In Coastal Virginia, the best daffodil planting time is mid to late November when the soil temperature reaches below 55°-60°F., but in recent years, prolonged warm weather has caused us to put off planting until Thanksgiving and even December. Daffodil bulbs need the cooler temperatures to grow strong, deep roots. When the weather stays warm, bulbs will begin to sprout leaves instead of putting down roots. You may notice tiny green leaves poking up in your daffodil beds now.

Daffodils require a minimum of 5 to 6 hours of full sun each day and rich, well-drained, slightly acidic (pH 6-7) soil. Since soil on the Middle Peninsula tends to be a combination of sandy and clayey, one to two inches of organic matter should be mixed into the soil.

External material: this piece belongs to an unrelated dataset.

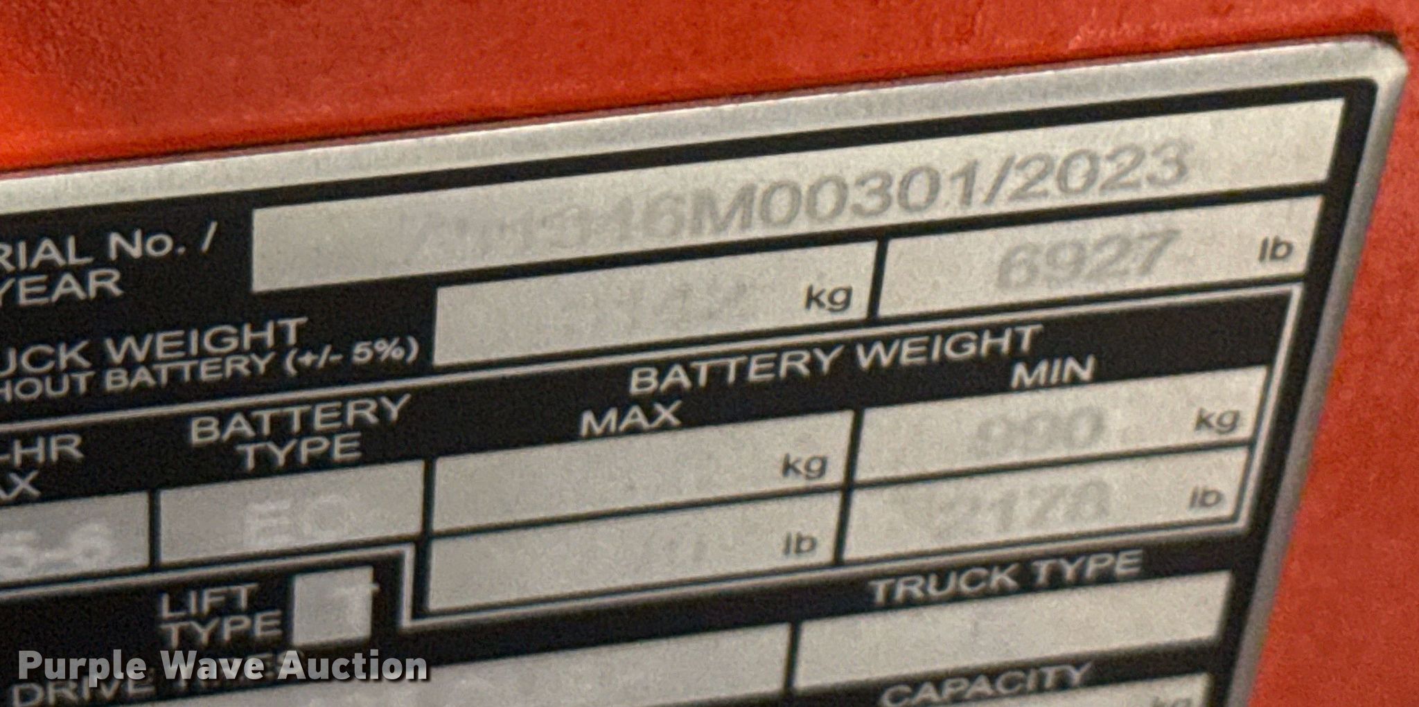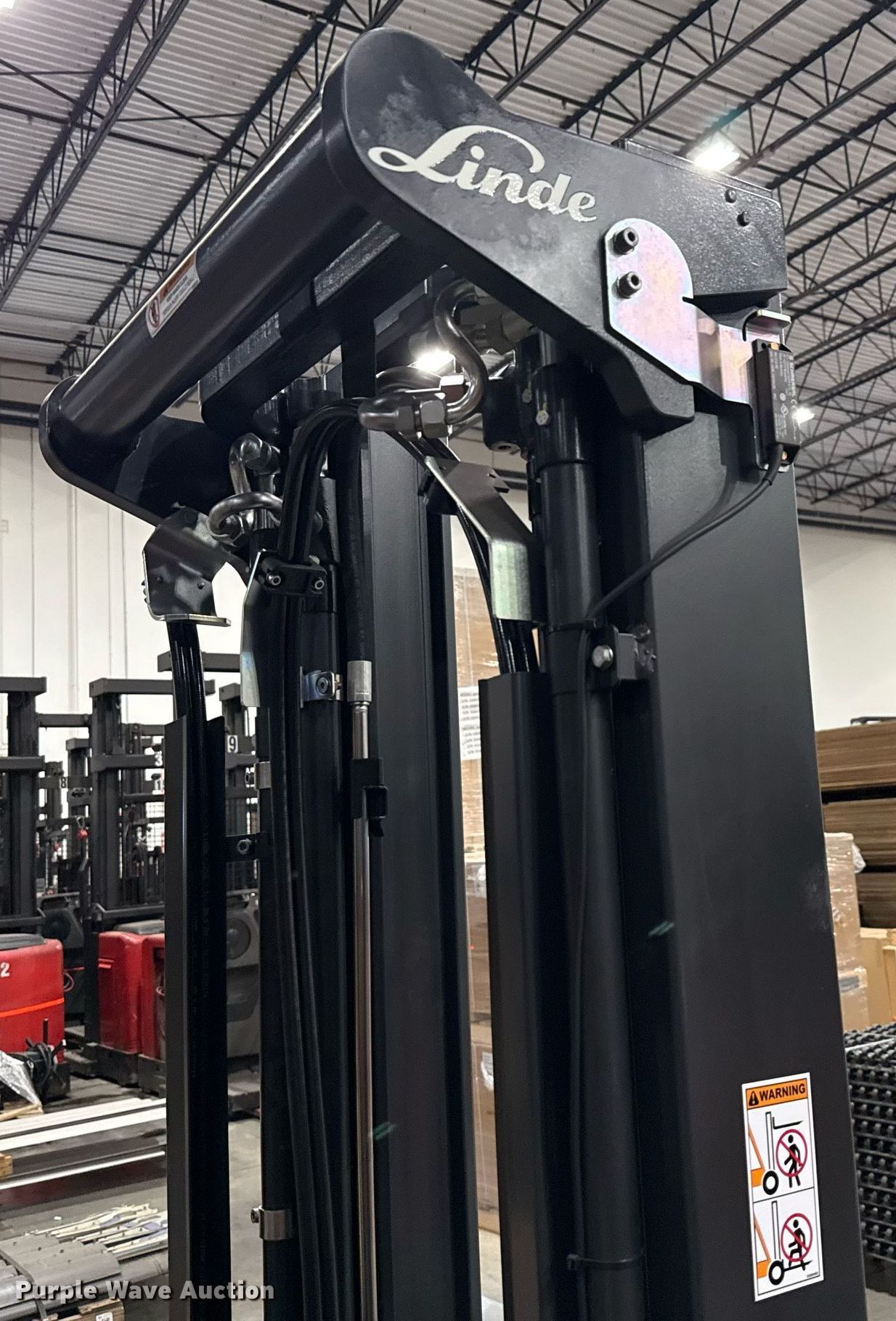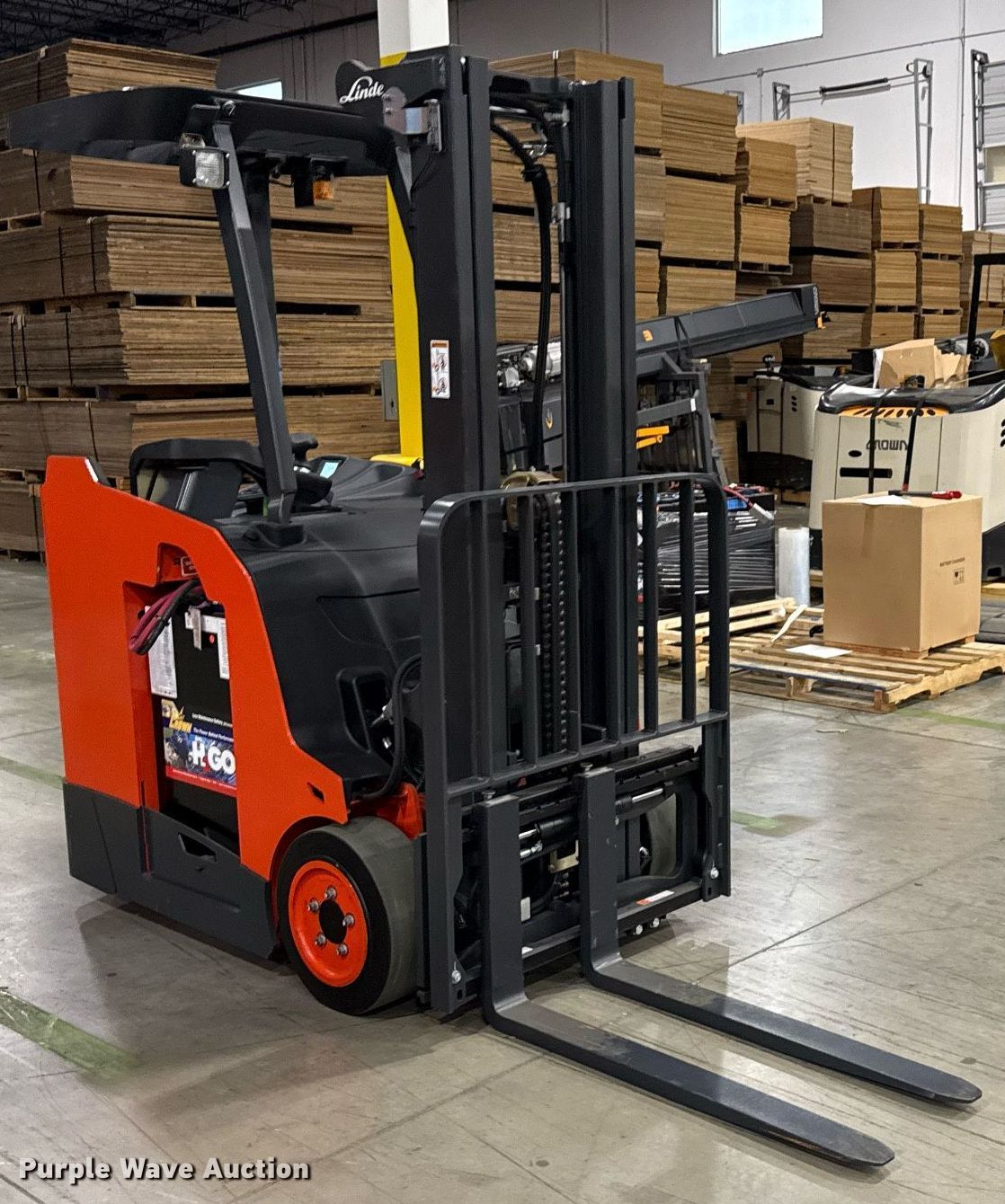 Purple Wave is selling a used Warehouse Forklift in Texas. This item is a 2023 Linde E18S forklift with the following: Hours: 4 on meter, Serial: A11346M00301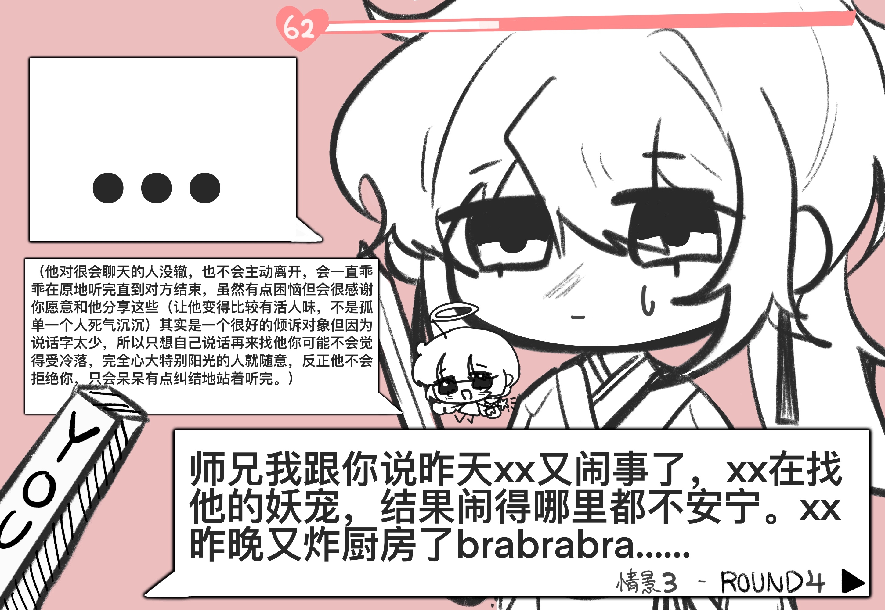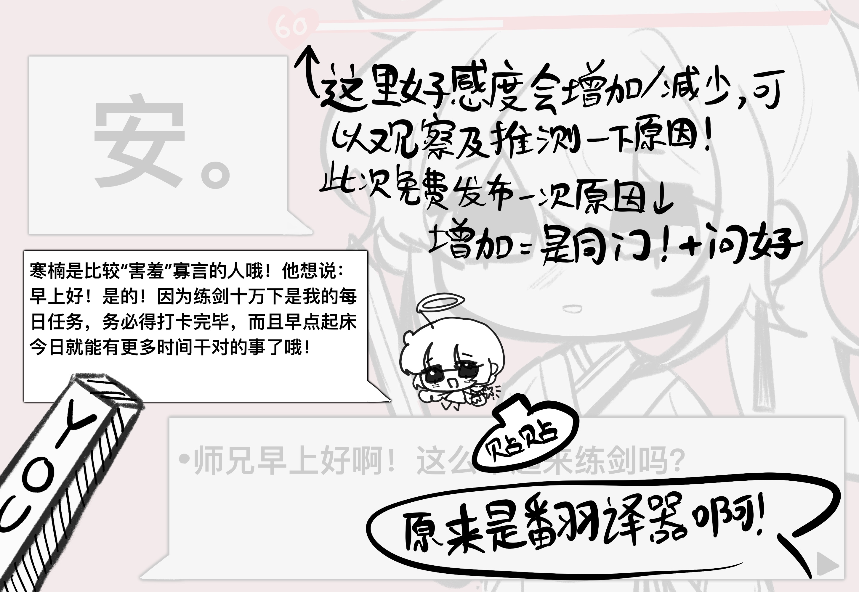 来介绍一下这个冰块的说话方式,其实我有想语c试试但是他!说话真的!太!少!了!用单字最符合他人设了,但我很担心这样看起来他的互动很无聊(虽然他确实是很无聊的人),我努力过了TT

The American Daffodil Society (ADS) recommends turning over the soil to a depth of 12 inches. Well-rotted chicken, horse, or cow manure and finely ground leaf compost are good soil amendments; never add fresh manure.

You don’t need to fertilize the first year, but if you decide to add fertilizer, use a 5-10-10 (N-P-K) fertilizer during soil preparation at a rate of ¼ cup per square foot. Work the fertilizer into the soil below the planting depth to avoid burning the bulbs. Plant the bulbs with the pointy end up at a depth of 2½ to 3 times the bulb’s diameter and about 6 inches apart. Leave baby bulbs attached to the “mother.”

Newly planted daffodil bulbs need plenty of water, but poor drainage will cause the bulbs to rot. Irrigate at a rate of ½ to 1 inch of water each week throughout the blooming season. In summer, the dormant bulbs do not require water. Mulch is essential to keep bulbs cool and moist during the summer and to discourage weeds. Pine bark, pine straw, and finely-ground hardwood mulch make excellent covers for daffodil beds.

After daffodils bloom, leave the foliage in place until it turns brown. Don’t tie it up or braid it into fanciful designs. The green foliage provides nutrition to the bulb for the next flowering season. If you mow the leaves, you will have few blooms next spring.

Dig up and separate bulbs every 3 to 5 years to insure full blooming capacity, or do like me, and promise yourself to dig them up, then find something else to do that is more pressing.

Most daffodils contain some level of chemical toxicity to humans, cats, dogs, and horses. Dermatitis, respiratory difficulty, and gastrointestinal upset are the most common symptoms. Wear gloves when handling the bulbs, leaves, and flowers, and supervise children and pets in the garden. The good news is that most pests like mice, voles, and squirrels will leave the plants alone.

Daffodil gardeners often say that daffodils “thrive on benign neglect.” Give them sunlight, water, and good drainage, and they will reward you for many years.